The term "miscegenation" has been used to refer to interracial marriage and interracial sex, and more generally to the global process of racial admixture that has taken place since the Age of Discoveries, particularly through the European colonization of the Americas and the Atlantic slave trade. Historically the term has been used in the context of ethnocentric or racist attitudes and practices, such as the enactment of laws banning interracial marriage and sex, so-called anti-miscegenation laws. It is therefore a loaded word and is considered offensive by many.

Today, the word "miscegenation" is still used when referring to past ethnocentric and racist attitudes and practices concerning multiraciality. It is also still in use by some as a general term encompassing the different social and demographic aspects of "race-mixing". However, because of its controversial history, other terms such as "interracial" or "interethnic" are more common in contemporary usage. In genetics, the term "admixture" is used for the interbreeding of people of different ethnicities or races. Sociologists also use the terms "outmarriage" or exogamy (the opposite of "inmarriage" or endogamy) for marriage and procreation within marriage with someome from outside of one's social group. However, the boundary of a particular social group does not have to be "racial", it can also be based on religion, culture, lineage or ethnicity.

In Spanish, Portuguese and French, the words used to describe the mixing of "races" are mestizaje, mestiçagem and métissage. These words, much older than the term miscegenation, are derived from the Late Latin mixticius for "mixed" and from the Spanish word mestizo. Portuguese also uses miscigenação, a direct translation of miscegenation. These non-English terms for "race-mixing" are not considered as offensive as "miscegenation", although they have historically been tied to the caste system (Casta) that was established in Latin America during the colonial era.

The concept of miscegenation is tied to concepts of racial difference. As the different connotations and etymologies of miscegenation and mestizaje suggest, definitions of race, "race mixing" and multiraciality have diverged globally as well as historically, depending on changing social circumstances and cultural perceptions. Thus, mestizo are people of mixed white and indigenous, usually Amerindian ancestry who do not self-identify as indigenous peoples or Native Americans. In Canada however, the Métis, who also have partly Amerindian and parly white, often French-Canadian, ancestry, are a constitutionally recognized aboriginal people.

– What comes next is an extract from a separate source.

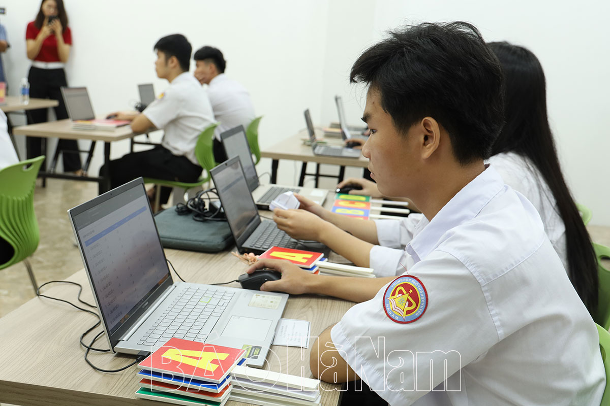 Các thí sinh tham dự phần thi trắc nghiệm và trả lời câu hỏi trên máy tính.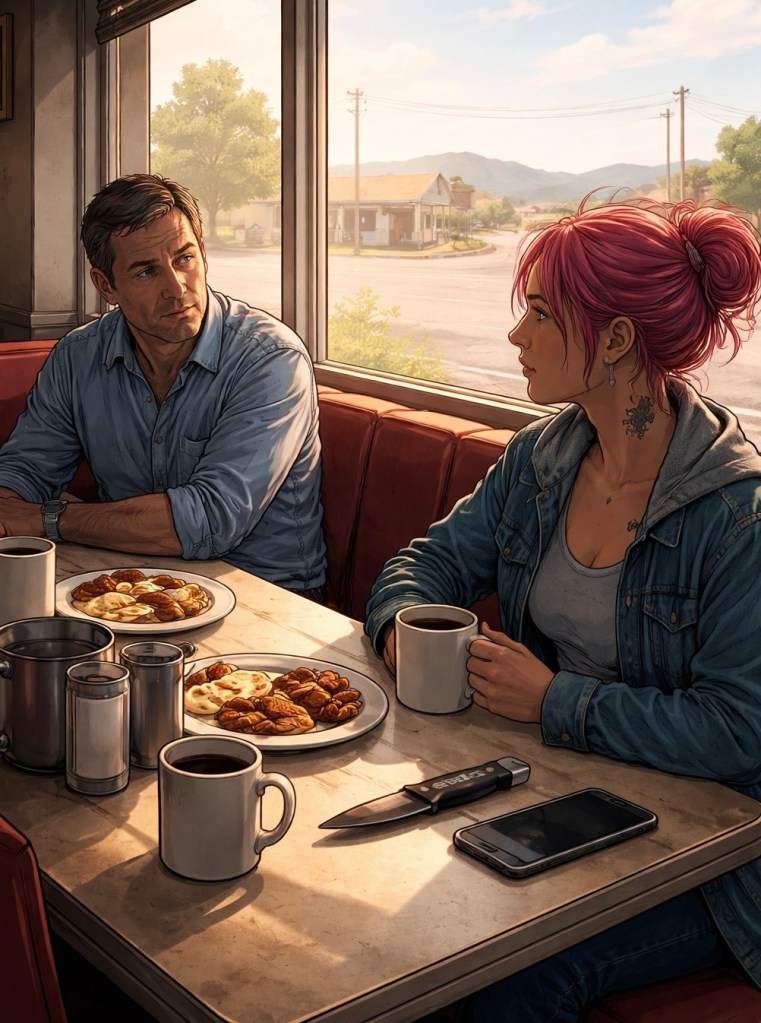 We pulled into Claire’s Diner and took a booth by the window. The server gave us a minute.

The differences between related terms and words that encompass aspects of "racial" admixture show the impact of different historical and cultural factors leading to changing social interpretations of race and ethnicity. Thus the Comte de Montlosier, in exile during the French Revolution, equated class difference in eighteenth century France with "racial" difference. Borrowing Boulainvilliers' discourse on the "Nordic race" as being the French aristocracy that invaded the plebeian "Gauls", he showed his contempt for the lowest social class, the Third Estate, calling it "this new people born of slaves ... mixture of all races and of all times".

Etymological history

Miscegenation comes from the Latin miscere, "to mix" and genus, "kind". The word was coined in the U.S. in 1863, and the etymology of the word is tied up with political conflicts during the American Civil War over the abolition of slavery and over the racial segregation of African-Americans. The reference to "genus" was made to emphasize the supposedly distinct biological differences between whites and non-whites. In fact, all humans belong to the same genus, Homo, to the same species, Homo sapiens and to the same subspecies, Homo sapiens sapiens.

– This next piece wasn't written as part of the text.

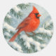 This winter-themed round sticker is ideal for any cardinal bird enthusiast. It showcases a watercolor illustration of a vibrant male cardinal perched on a snow-covered fir tree, creating a stunning winter scene. Perfect for adorning favor bags, Christmas cards, and holiday gifts. Susang6 used AI tools to create this artwork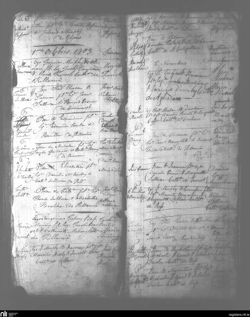 Killarney; County of Kerry; Diocese of Kerry. Baptisms, Sep. 1803 to Nov. 1803

The word was coined in an anonymous propaganda pamphlet printed in New York City in December 1863, entitled Miscegenation: The Theory of the Blending of the Races, Applied to the American White Man and Negro.[1] The pamphlet, which was a hoax, purported to be in favor of promoting the intermarriage of whites and blacks until these "races" were indistinguishably mixed, claiming that this was the goal of the United States Republican Party. The real authors were David Goodman Croly, managing editor of the New York World, a Democratic Party paper, and George Wakeman, a World reporter.

The anonymous pamphlet was later exposed as an attempt by Democrats (the so-called Copperheads) to discredit the Republicans, the Lincoln administration, and the abolitionist movement by exploiting the racist fears common among whites. The pamphlet and variations on it were reprinted widely in communities on both sides of the American Civil War by opponents of Republicans. Only in November 1864 did it become known that the pamphlet was a hoax. By then, the word miscegenation had entered the common language of the day as a popular buzzword in political and social discourse. The issue of miscegenation, raised by the opponents of Lincoln, featured prominently in the election campaign of 1864.

In the United States, the concept of miscegenation has been used to focus primarily on the intermarriage of white people and non-whites, and especially black people. Before the publication of Miscegenation, the word amalgamation, borrowed from metallurgy, had been in use as a general term for ethnoracial intermixing. A contemporary usage of this metaphor was Ralph Waldo Emerson's private vision in 1845 of America as an ethnoracial smelting-pot, a variation on the concept of the melting pot. Attitudes in the U.S toward the desirability of such intermixing, including that between white Protestants and Irish Catholic immigrants, were divided. The term miscegenation was coined to refer specifically to the intermarriage of blacks and whites, and with the intention of stirring up debate over this at the time controversial issue.[2]

Laws banning miscegenation

See also: Anti-miscegenation laws

Laws banning "race-mixing" were enforced in Nazi Germany, in South Africa during the Apartheid era and in individual U.S. states from the Colonial era until 1967. All these laws primarily banned marriage between spouses of different racially or ethnically defined groups, which was termed "amalgamation" or "miscegenation" in the U.S. The laws in Nazi-Germany and South Africa under Apartheid, and many of the U.S. state laws, also targeted sexual relations between such individuals.

In the United States, the various state laws prohibited the marriage of whites and blacks, and in many states also the intermarriage of whites with Native Americans and/or Asians. In the U.S., such laws were known as anti-miscegenation laws. From 1913 until 1948, 30 out of the then 48 states enforced such laws.[3] Although an "Anti-Miscegenation Amendment" was repeately proposed in United States Congress, in 1871, in 1912-1913 and in 1928,[4] [5] a nation-wide law against racially mixed marriages was never enacted. In 1967, the United States Supreme Court unanimously ruled in Loving v. Virginia that anti-miscegenation laws are unconstitutional. With this ruling, these laws were no longer in effect in the remaining 16 states that at the time still enforced them.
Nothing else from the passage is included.